• [What the task asks] The lines below, from the one containing "打开今日头条,点击我的------创作中间。" through the one containing "A pilot ladder", should be set down exactly, with no pictures and nothing else.

• [Source information]
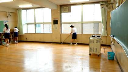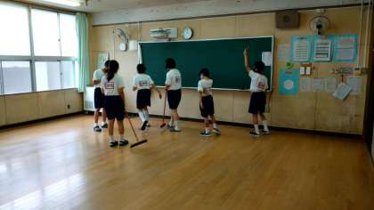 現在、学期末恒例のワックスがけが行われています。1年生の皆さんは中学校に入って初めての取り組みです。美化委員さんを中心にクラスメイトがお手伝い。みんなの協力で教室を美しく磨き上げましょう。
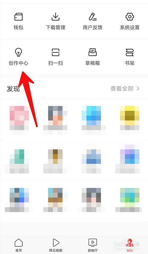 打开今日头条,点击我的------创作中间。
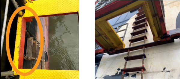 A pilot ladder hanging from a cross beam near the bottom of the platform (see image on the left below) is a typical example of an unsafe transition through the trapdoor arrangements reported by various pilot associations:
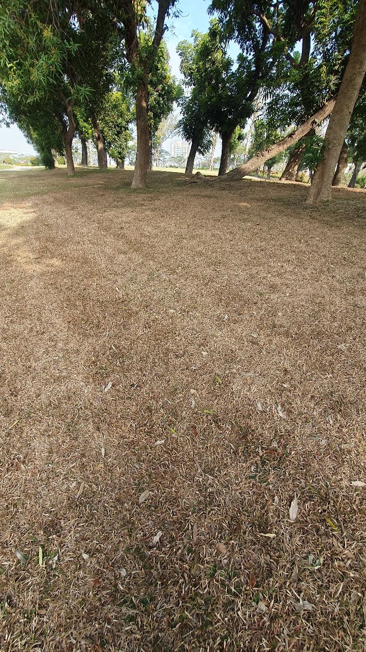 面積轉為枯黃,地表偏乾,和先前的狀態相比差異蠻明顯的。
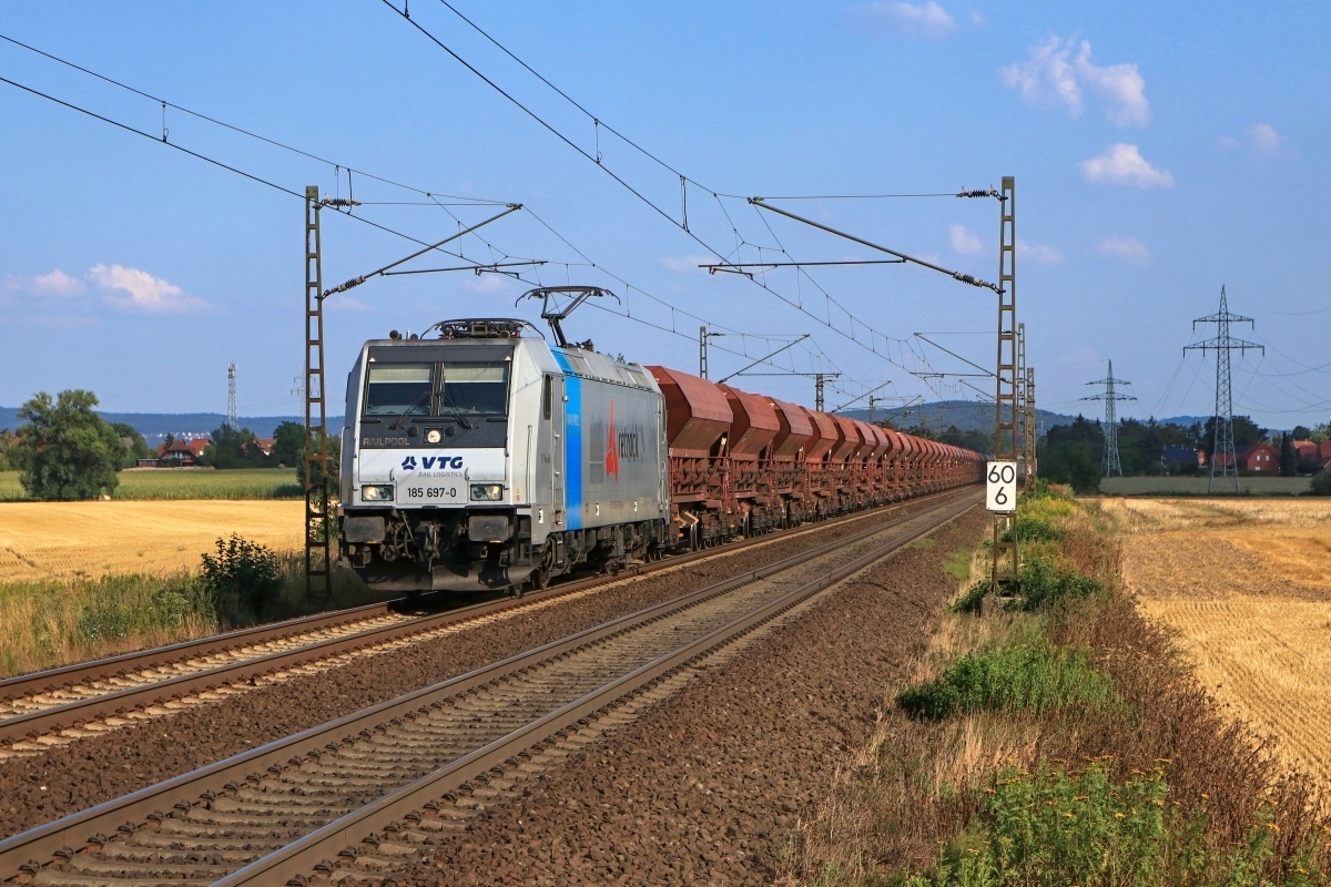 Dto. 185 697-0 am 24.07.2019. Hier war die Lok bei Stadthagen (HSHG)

• [Finished task]
 打开今日头条,点击我的------创作中间。
 A pilot ladder hanging from a cross beam near the bottom of the platform (see image on the left below) is a typical example of an unsafe transition through the trapdoor arrangements reported by various pilot associations:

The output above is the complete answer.